(Data excerpts)
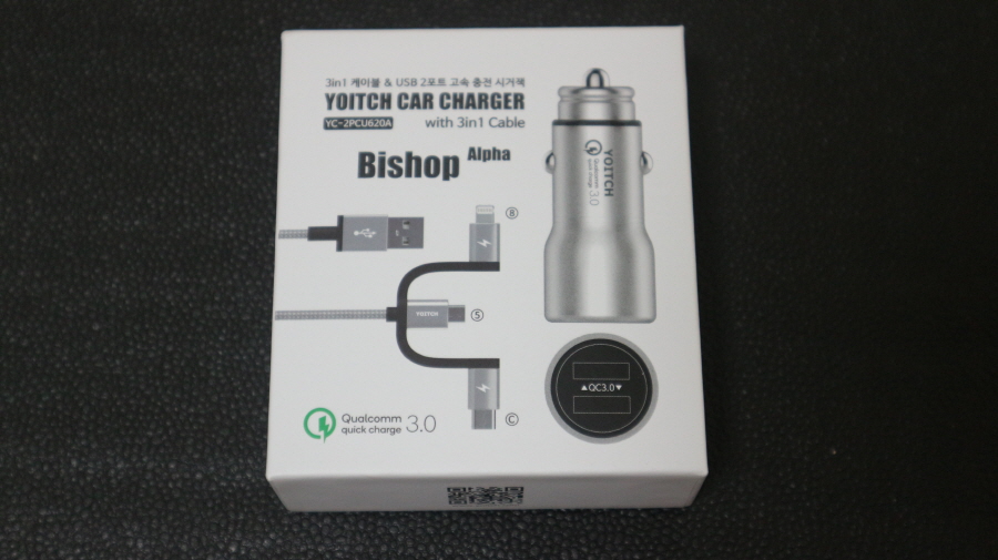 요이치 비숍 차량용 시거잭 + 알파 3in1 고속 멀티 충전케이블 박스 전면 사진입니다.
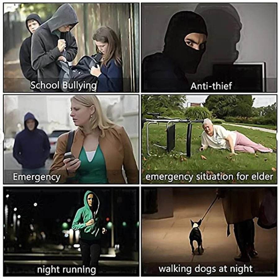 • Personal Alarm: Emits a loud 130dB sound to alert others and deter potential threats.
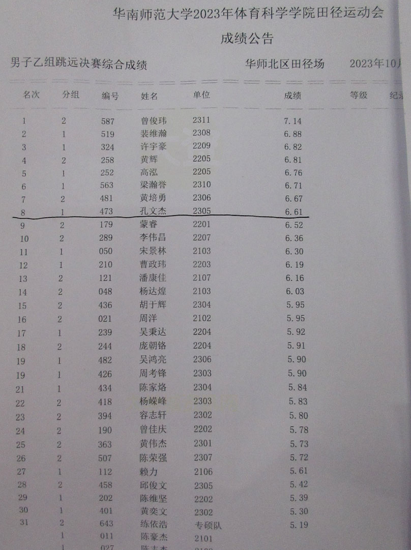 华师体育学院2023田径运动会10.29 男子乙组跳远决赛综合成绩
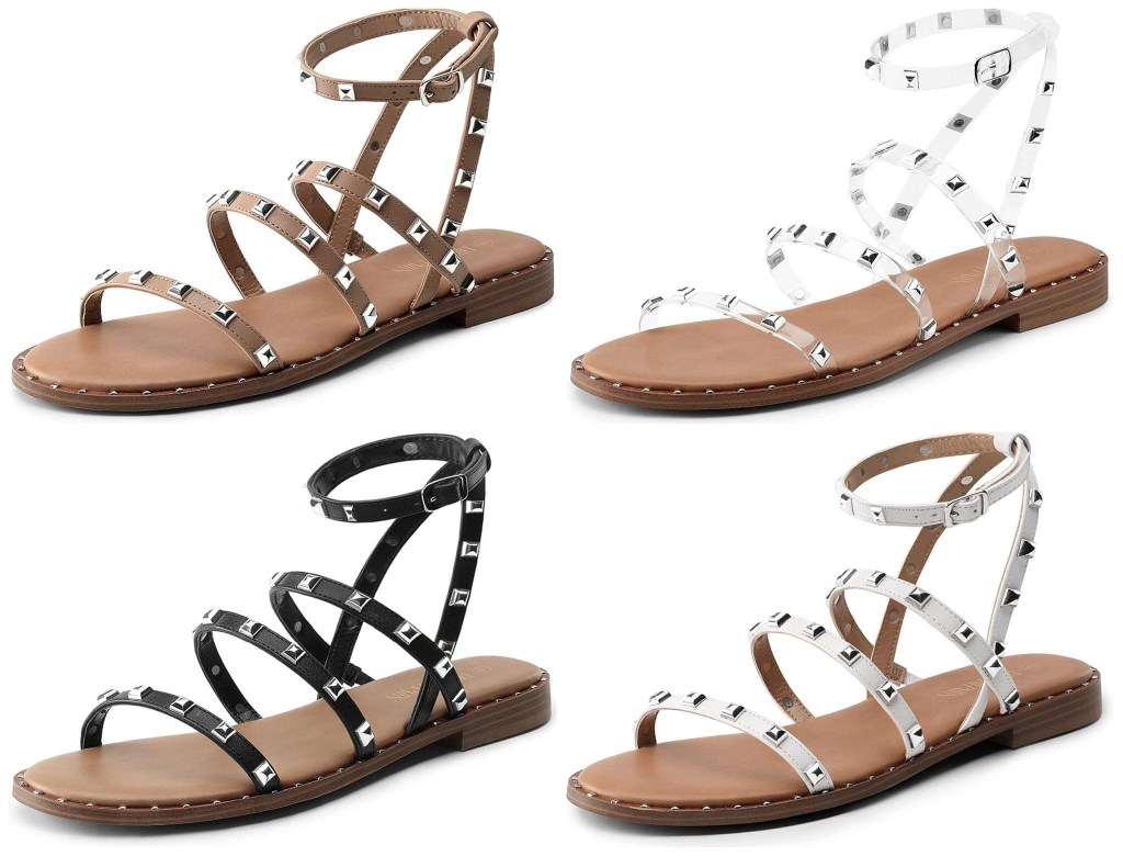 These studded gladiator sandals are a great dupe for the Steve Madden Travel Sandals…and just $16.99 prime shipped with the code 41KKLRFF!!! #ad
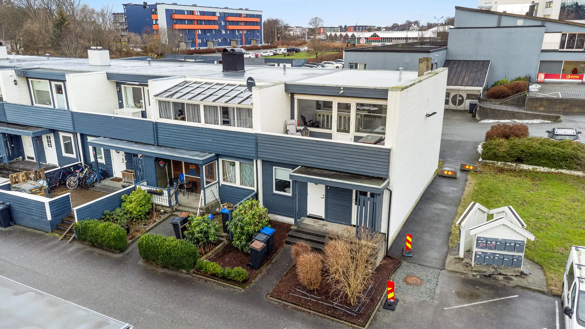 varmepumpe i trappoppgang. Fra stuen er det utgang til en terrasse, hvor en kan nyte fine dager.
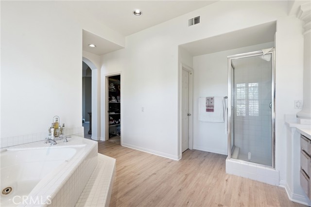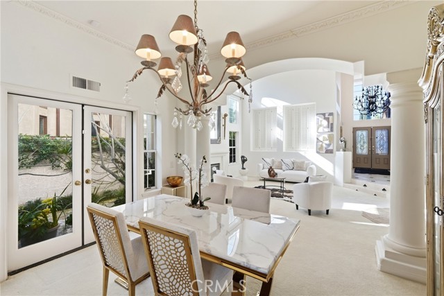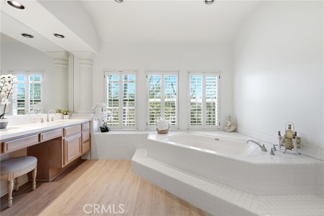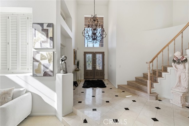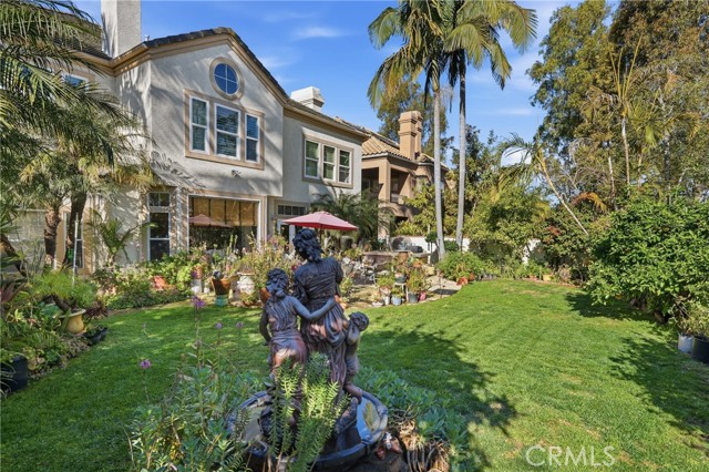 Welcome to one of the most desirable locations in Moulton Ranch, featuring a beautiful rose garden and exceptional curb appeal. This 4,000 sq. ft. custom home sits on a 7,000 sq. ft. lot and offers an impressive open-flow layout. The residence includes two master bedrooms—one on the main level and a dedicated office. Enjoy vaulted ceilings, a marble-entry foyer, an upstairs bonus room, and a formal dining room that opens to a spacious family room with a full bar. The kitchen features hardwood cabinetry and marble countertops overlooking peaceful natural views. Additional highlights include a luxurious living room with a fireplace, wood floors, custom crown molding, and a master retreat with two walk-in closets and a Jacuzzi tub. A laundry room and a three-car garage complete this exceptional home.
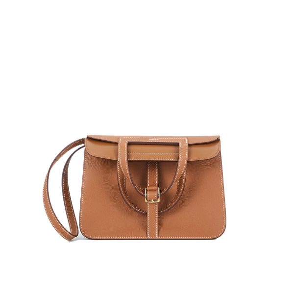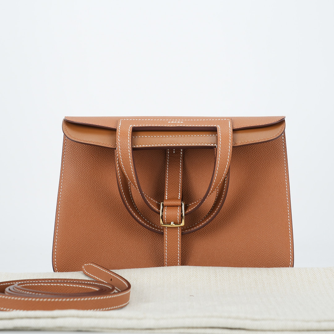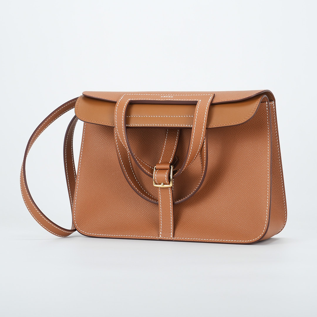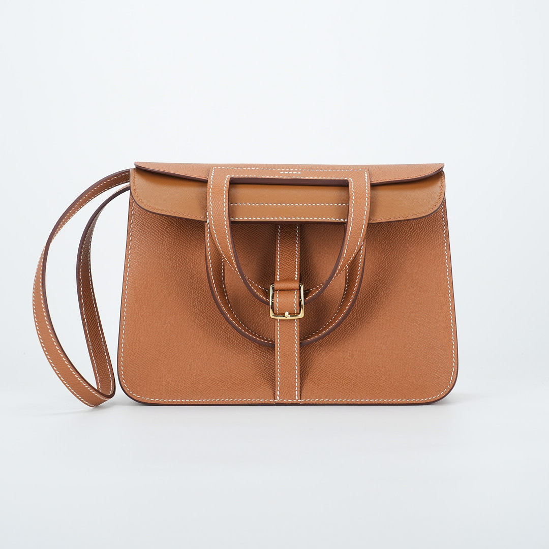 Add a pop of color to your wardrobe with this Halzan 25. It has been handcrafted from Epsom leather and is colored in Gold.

TASK DIRECTIONS: Among the lines above, the one with "These studded gladiator" opens the part to repeat and the one with "varmepumpe i trappoppgang." closes it; repeat only that part exactly, with no pictures.

TASK RESPONSE:
 These studded gladiator sandals are a great dupe for the Steve Madden Travel Sandals…and just $16.99 prime shipped with the code 41KKLRFF!!! #ad
 varmepumpe i trappoppgang. Fra stuen er det utgang til en terrasse, hvor en kan nyte fine dager.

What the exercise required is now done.